Recorded data:
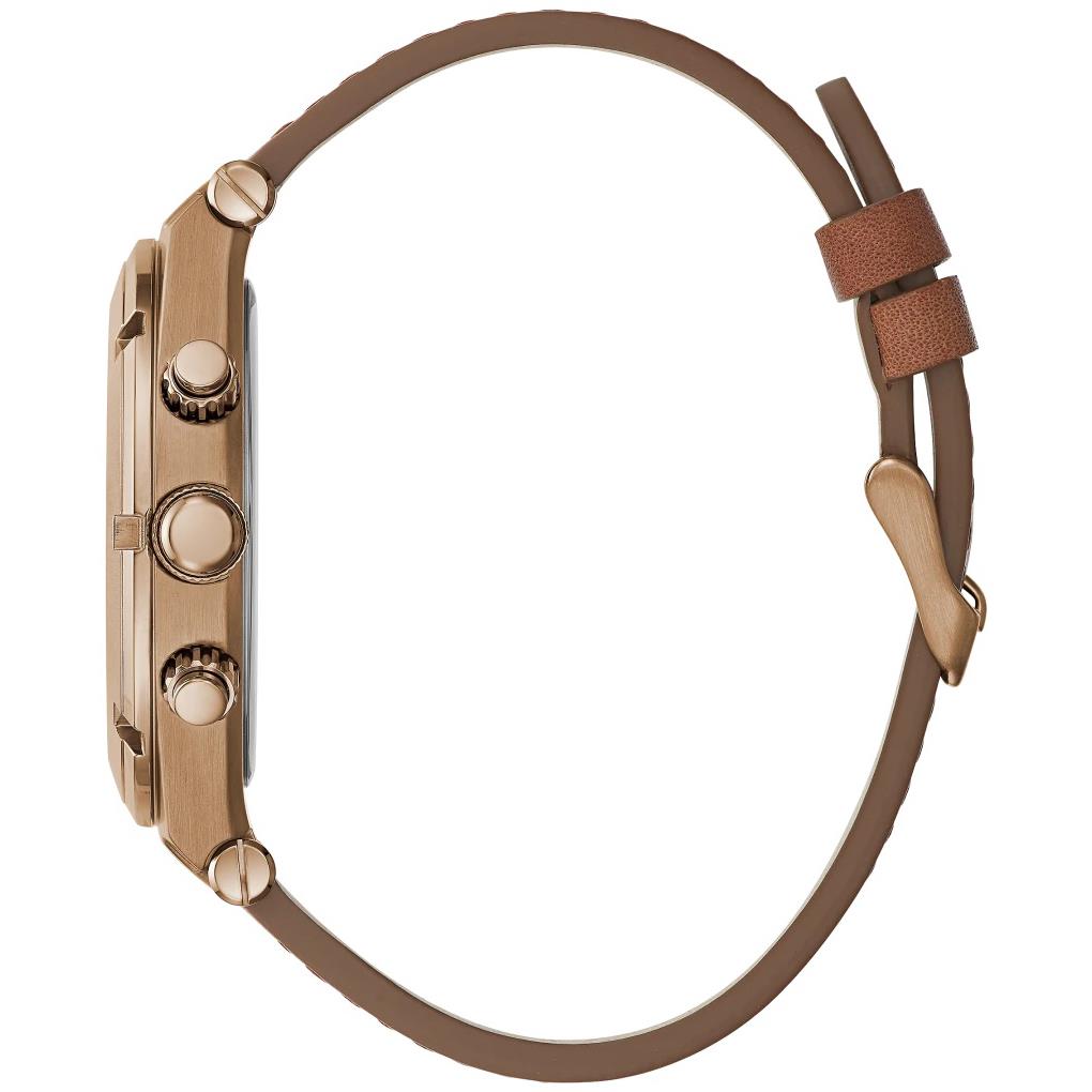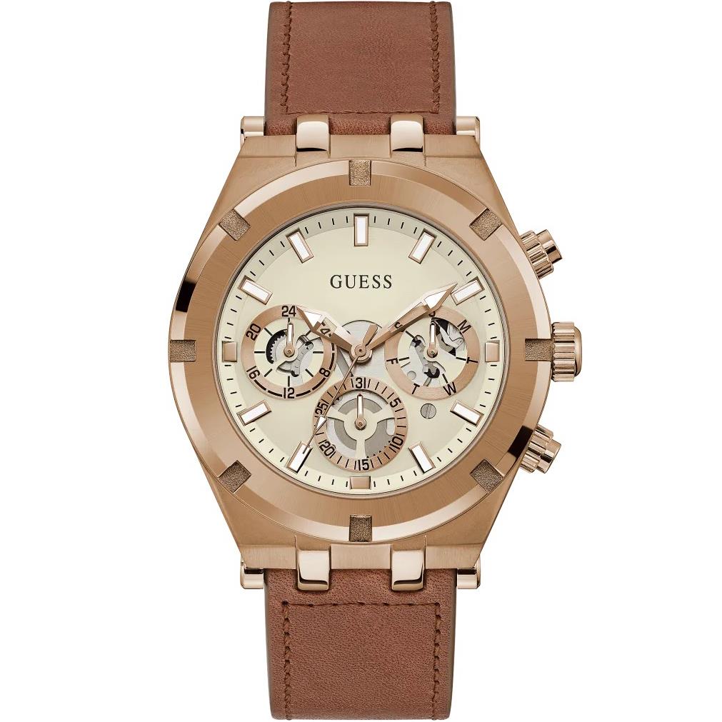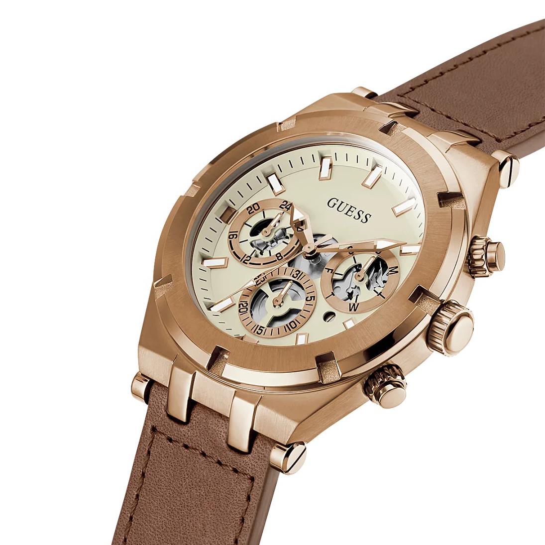 ساعت مچی مردانه گس guess با طراحی اسپرت بند چرمی و قاب گرد مسی و صفحه کرم با قابلیت داشتن روز و شب ,تقویم ,روزهای هفته , شبنما موتور ژاپنی و انرژی باتری و مقاومت در برابر آب تا عمق 50 متر به همراه دو سال گارانتی بین المللی
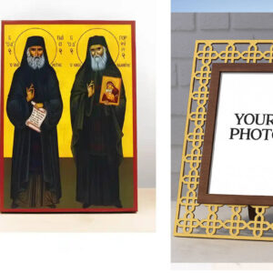 Εικόνα Ορθοδοξίας Πολυτελείας με σχεδιο Σταυρούς μαζι με Βάση σε 8 χρώματα με περίγραμμα χρυσό σε ξύλο Plywood (Πλακάζ) με βάση Άγιοι Παΐσιος του Αγίου Όρους & Πορφύριος Καυσοκαλυβίων, Ξύλινη Χειροποίητη Εικόνα Ελληνικής Βυζαντινής Στυλ Κρεμαστή σε ξύλινη πλάκα Χειροποίητη Ελληνορθόδοξη εικόνα του Ιησού Χριστού, Κρεμαστή πλάκα βυζαντινής τέχνης, χριστιανική τέχνη Διάσταση 10x7 cm (3,9 x 2,8 ίντσες) INTRAEK3kadro3211-10813
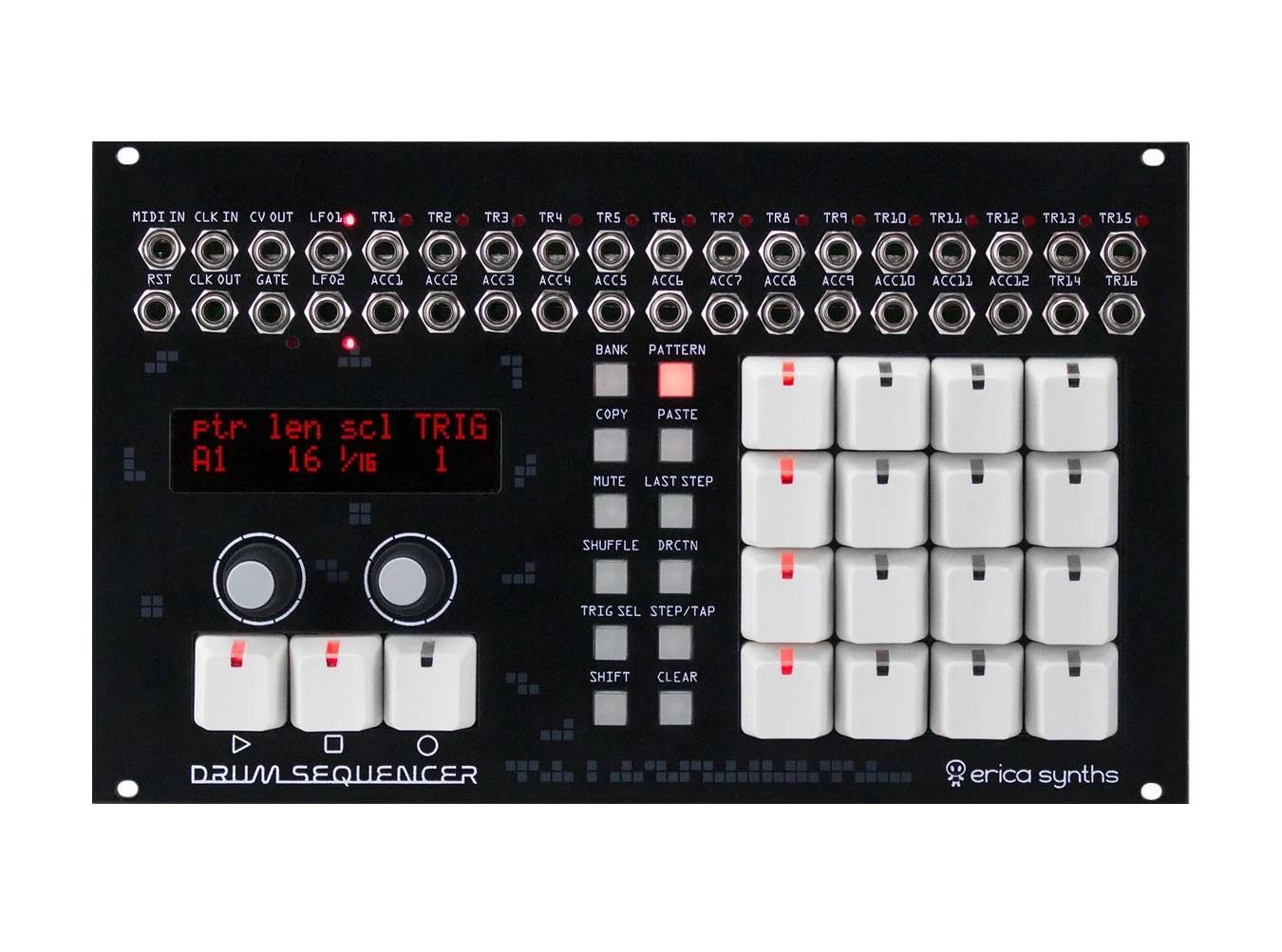 Drum Sequencer brings traditional 909-style sequencing to the Erica Synths lineup. Specifically designed for live performance, Drum Sequencer features an intuitive user interface where all of its functions are readily accessible. It features trigger outputs, a CV/Gate output (great for synchronizing basslines), and dual LFOs for plenty of modulation options.
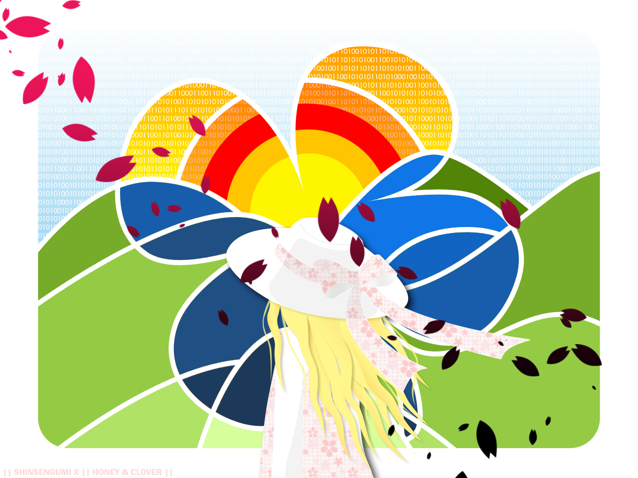 Description: A woman with a hat and a dress with leaves on it and a rainbow in the background with a flower.
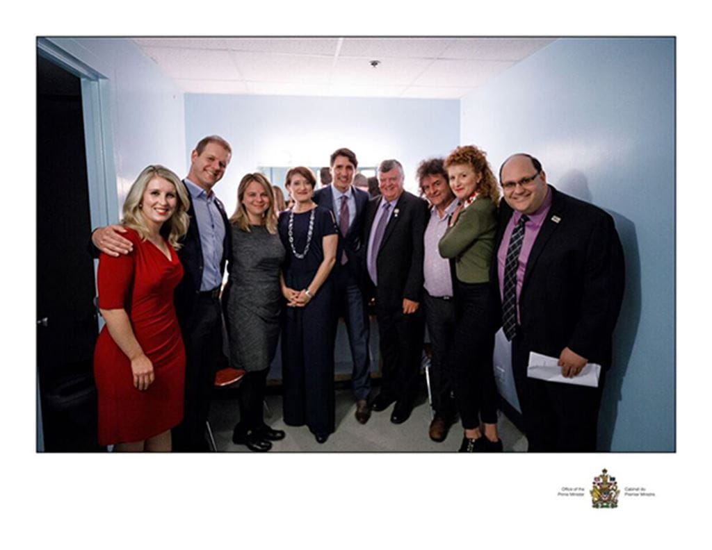 Pictured at top of page (from left to right): Sarah Loveys, David Hein, Irene Sankoff, Petrina Bromley, The Right Honourable Justin Trudeau, Claude Elliott, Bob Foster, Eliza Jane Scott, Michael Rubinoff. Photo provided by the Office of the Prime Minister.
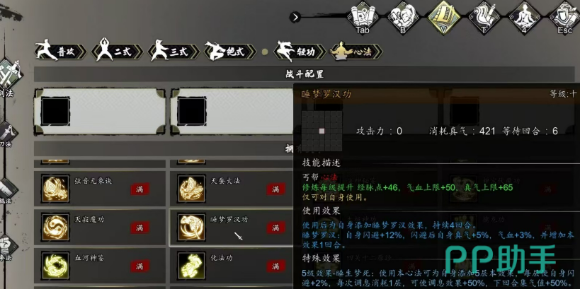 在搭配方面,四象无极功与其他心法的结合,更是事半功倍。比如,配合五灵心经、易筋经和混元神功,可以构建出一个既具增伤效果又兼顾生存的高性价比组合。混元神功能进一步增强四象无极功的输出威力,易筋经则提供了稳定的生存保障,而五灵心经则能帮助角色回复气血和真气,让战斗更具持续性。这一套搭配,不论是剑系还是刀系玩家,都会觉得如鱼得水。当然,如果你喜欢更加稳健的玩法,还可以考虑与睡梦罗汉配合,利用睡梦罗汉的闪避和回血效果,再加上易筋经的防御力,让角色在输出的同时,能更好地保证生存。
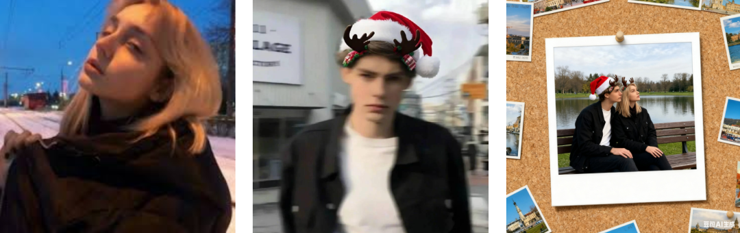 比如这里我让他参考一个游戏角色的海报。然后配上我自己大学时期的照片:
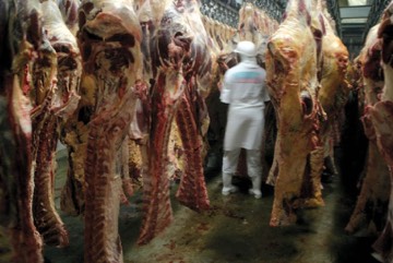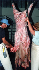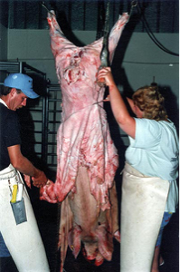 These photos show horrible working conditions of the meat industry. The top left picture shows a man in a uniform having to work within this room of dead animals. This job gives many men stress, depression, and sickness due to the rotting smell. The bottom left picture shows too people working without gloves on a dead animal, this once again shows how unenforced the laws are and how sick this job is.
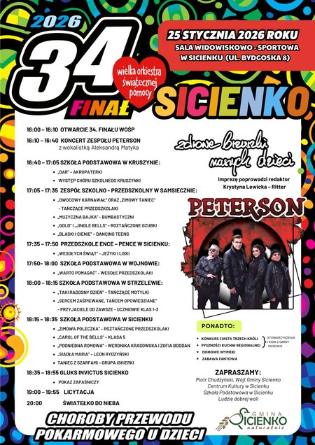 Zespół Peterson to zespół, dla którego muzyka jest największą pasją i sposobem na przekazywanie energii publiczności. Warto dodać, że wokalistką zespołu jest Aleksandra Matyka – mieszkanka Gminy Sicienko. Tym bardziej cieszymy się, że nasi mieszkańcy mogą zobaczyć ją na scenie podczas 34. Finału WOŚP!
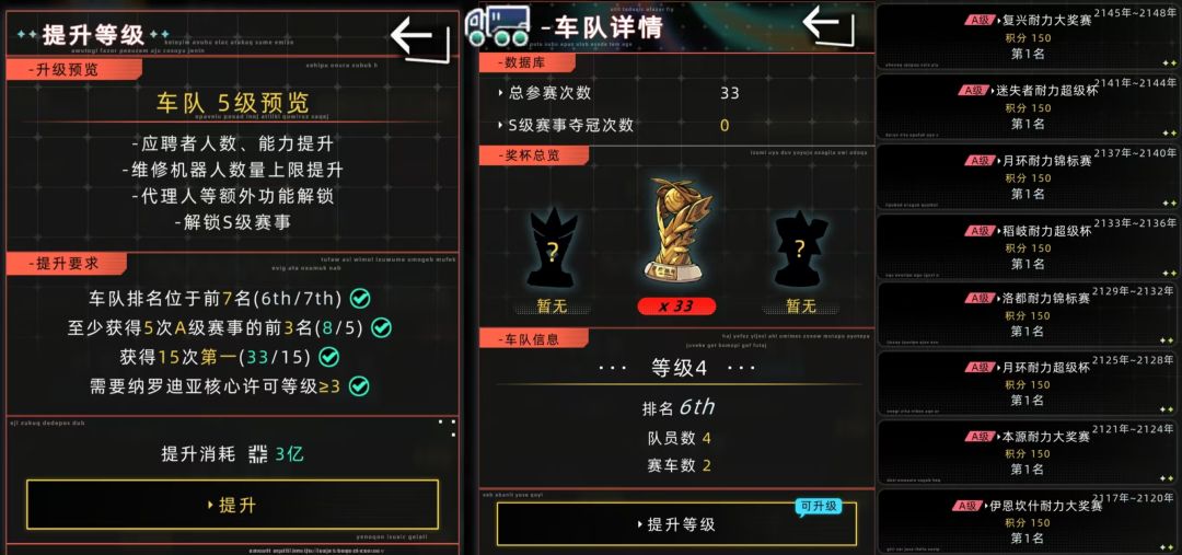 4️⃣、车队四级升五级,需完成A比赛(耐力赛)8次,大致需要1200积分(A赛事全第一)
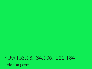 YUV 153.18,-34.106,-121.184 Color is a normal green color and the nearest color is Malachite #0bda51. Hex code #0fed54 and RGB value is rgb(15,237,84). In RGB color space, this color is composed of 6% red, 93% green, 33% blue, In CMYK color space, this color is composed of 94% cyan, 0% magenta, 65% yellow , 7% black , In HSL color space, this color has a hue angle of 139° , 88% saturation and 49% lightness.

INSTRUCTIONS TO FOLLOW
Copy out every line above without change, dropping the pictures.

TASK OUTPUT
 ساعت مچی مردانه گس guess با طراحی اسپرت بند چرمی و قاب گرد مسی و صفحه کرم با قابلیت داشتن روز و شب ,تقویم ,روزهای هفته , شبنما موتور ژاپنی و انرژی باتری و مقاومت در برابر آب تا عمق 50 متر به همراه دو سال گارانتی بین المللی
 Εικόνα Ορθοδοξίας Πολυτελείας με σχεδιο Σταυρούς μαζι με Βάση σε 8 χρώματα με περίγραμμα χρυσό σε ξύλο Plywood (Πλακάζ) με βάση Άγιοι Παΐσιος του Αγίου Όρους & Πορφύριος Καυσοκαλυβίων, Ξύλινη Χειροποίητη Εικόνα Ελληνικής Βυζαντινής Στυλ Κρεμαστή σε ξύλινη πλάκα Χειροποίητη Ελληνορθόδοξη εικόνα του Ιησού Χριστού, Κρεμαστή πλάκα βυζαντινής τέχνης, χριστιανική τέχνη Διάσταση 10x7 cm (3,9 x 2,8 ίντσες) INTRAEK3kadro3211-10813
 Drum Sequencer brings traditional 909-style sequencing to the Erica Synths lineup. Specifically designed for live performance, Drum Sequencer features an intuitive user interface where all of its functions are readily accessible. It features trigger outputs, a CV/Gate output (great for synchronizing basslines), and dual LFOs for plenty of modulation options.
 Description: A woman with a hat and a dress with leaves on it and a rainbow in the background with a flower.
 Pictured at top of page (from left to right): Sarah Loveys, David Hein, Irene Sankoff, Petrina Bromley, The Right Honourable Justin Trudeau, Claude Elliott, Bob Foster, Eliza Jane Scott, Michael Rubinoff. Photo provided by the Office of the Prime Minister.
 在搭配方面,四象无极功与其他心法的结合,更是事半功倍。比如,配合五灵心经、易筋经和混元神功,可以构建出一个既具增伤效果又兼顾生存的高性价比组合。混元神功能进一步增强四象无极功的输出威力,易筋经则提供了稳定的生存保障,而五灵心经则能帮助角色回复气血和真气,让战斗更具持续性。这一套搭配,不论是剑系还是刀系玩家,都会觉得如鱼得水。当然,如果你喜欢更加稳健的玩法,还可以考虑与睡梦罗汉配合,利用睡梦罗汉的闪避和回血效果,再加上易筋经的防御力,让角色在输出的同时,能更好地保证生存。
 比如这里我让他参考一个游戏角色的海报。然后配上我自己大学时期的照片:
 These photos show horrible working conditions of the meat industry. The top left picture shows a man in a uniform having to work within this room of dead animals. This job gives many men stress, depression, and sickness due to the rotting smell. The bottom left picture shows too people working without gloves on a dead animal, this once again shows how unenforced the laws are and how sick this job is.
 Zespół Peterson to zespół, dla którego muzyka jest największą pasją i sposobem na przekazywanie energii publiczności. Warto dodać, że wokalistką zespołu jest Aleksandra Matyka – mieszkanka Gminy Sicienko. Tym bardziej cieszymy się, że nasi mieszkańcy mogą zobaczyć ją na scenie podczas 34. Finału WOŚP!
 4️⃣、车队四级升五级,需完成A比赛(耐力赛)8次,大致需要1200积分(A赛事全第一)
 YUV 153.18,-34.106,-121.184 Color is a normal green color and the nearest color is Malachite #0bda51. Hex code #0fed54 and RGB value is rgb(15,237,84). In RGB color space, this color is composed of 6% red, 93% green, 33% blue, In CMYK color space, this color is composed of 94% cyan, 0% magenta, 65% yellow , 7% black , In HSL color space, this color has a hue angle of 139° , 88% saturation and 49% lightness.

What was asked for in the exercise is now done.